ECLI:NL:CRVB:2016:1361
Centrale Raad van Beroep
- Hoger beroep
- Rechtspraak.nl
Geen dwangsom bij tijdige verzending besluit aan appellant zonder gemachtigde
In deze zaak gaat het om een hoger beroep tegen een uitspraak van de rechtbank Amsterdam, waarin de rechtbank het beroep ongegrond heeft verklaard. De appellant, vertegenwoordigd door zijn advocaat mr. A.R. Kolthof, had bijzondere bijstand aangevraagd. Het college van burgemeester en wethouders van Amsterdam heeft op 28 november 2014 het besluit tot toekenning van de bijzondere bijstand genomen, maar dit besluit is alleen aan de appellant verzonden en pas later aan zijn gemachtigde. De appellant heeft het college in gebreke gesteld en verzocht om een dwangsom vast te stellen, omdat hij van mening was dat het college niet tijdig had beslist.

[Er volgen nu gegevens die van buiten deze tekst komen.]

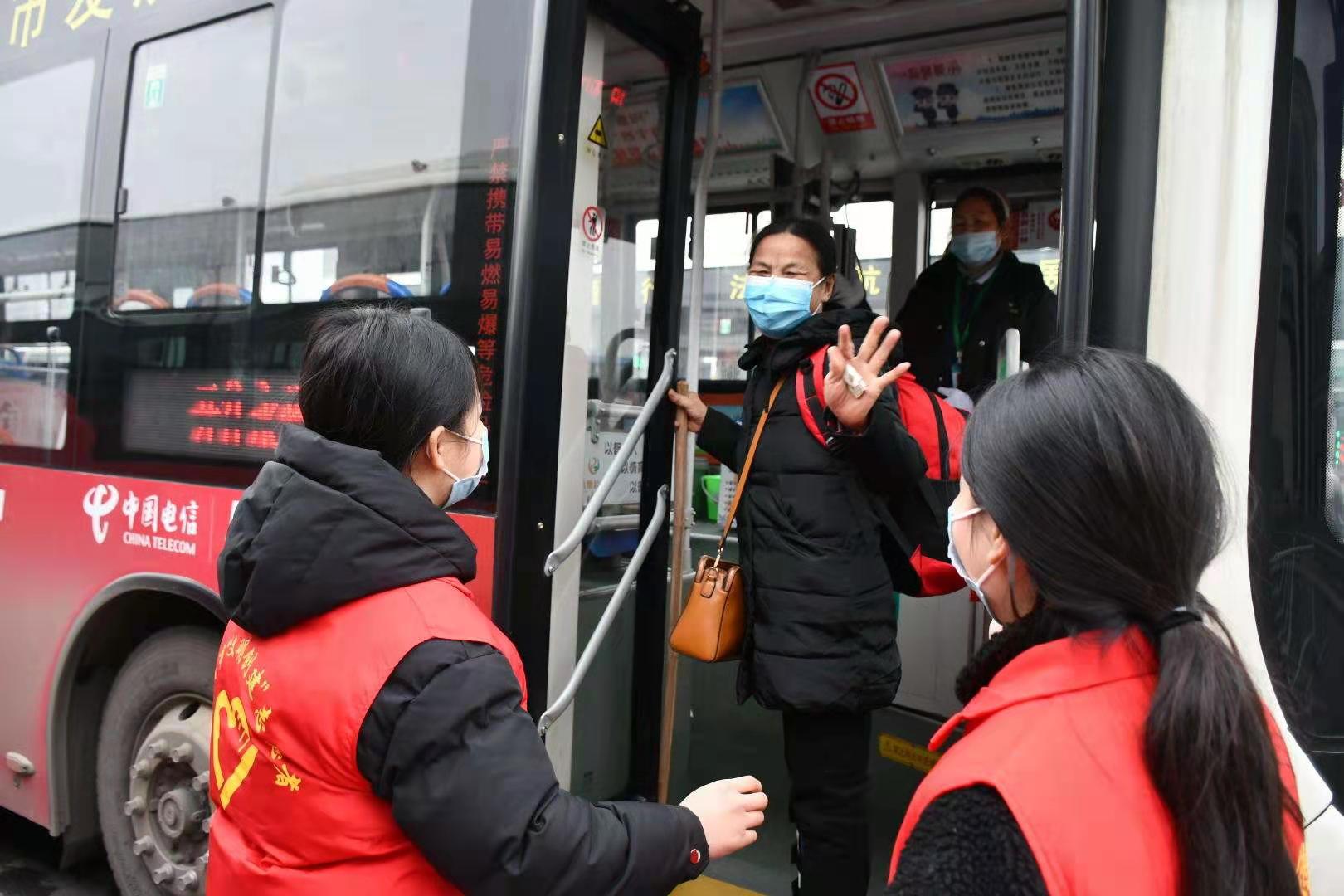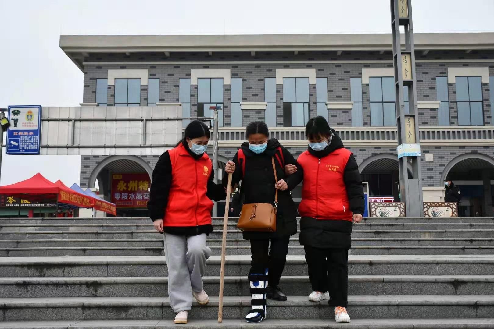 1月30日,下午,一位腿受伤打石膏的阿姨独自一人坐火车从衡阳返回永州,在出站口参加“情满旅途 暖冬行动”的两位志愿者见状立马上前搀扶护送她到公交停车场,阿姨看到志愿者热情帮助非常高兴,连连夸奖并特意拿手机跟志愿者拍照合影发朋友圈,在公交车上开心的挥手跟志愿者道别。

De Centrale Raad van Beroep heeft in zijn uitspraak van 14 april 2016 geoordeeld dat het college geen dwangsom verschuldigd is, omdat het besluit op 28 november 2014 tijdig aan de appellant is verzonden. De Raad heeft vastgesteld dat de bekendmaking van het besluit aan de gemachtigde van de appellant op 8 januari 2015 niet relevant is voor de vraag of het college tijdig heeft beslist. De Raad heeft daarbij verwezen naar de relevante artikelen van de Algemene wet bestuursrecht (Awb) en eerdere rechtspraak, waaruit blijkt dat de termijn voor het verbeuren van een dwangsom begint te lopen op het moment dat het bestuursorgaan een besluit heeft genomen en dit aan de aanvrager heeft bekendgemaakt.
De Raad heeft geconcludeerd dat het hoger beroep van de appellant niet slaagt en dat de aangevallen uitspraak van de rechtbank moet worden bevestigd. Er is geen aanleiding voor een veroordeling in de proceskosten.